Your task: Return the listing verbatim, images left out.

+++ The data +++

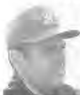
Coach George Allen

SEPTEMBER 30, AT PHILADELPHIA—1:00 P.M. DECEMBER 16, AT WASHINGTON—1:00 P.M.
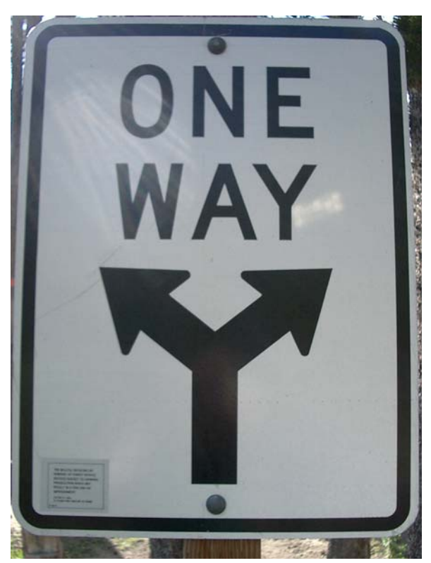
A Sign for Contemplation at Cinder Hill Camparound, East Lake

When the hatch is on, you are own your own, although callibaetis seem to be the most common and emergers work better that straight dun patterns. However, you need to watch out for mixed hatches, because although the callibaetis are always prolific, they are not always the insect of

+++

Solution:
Coach George Allen

SEPTEMBER 30, AT PHILADELPHIA—1:00 P.M. DECEMBER 16, AT WASHINGTON—1:00 P.M.
A Sign for Contemplation at Cinder Hill Camparound, East Lake

When the hatch is on, you are own your own, although callibaetis seem to be the most common and emergers work better that straight dun patterns. However, you need to watch out for mixed hatches, because although the callibaetis are always prolific, they are not always the insect of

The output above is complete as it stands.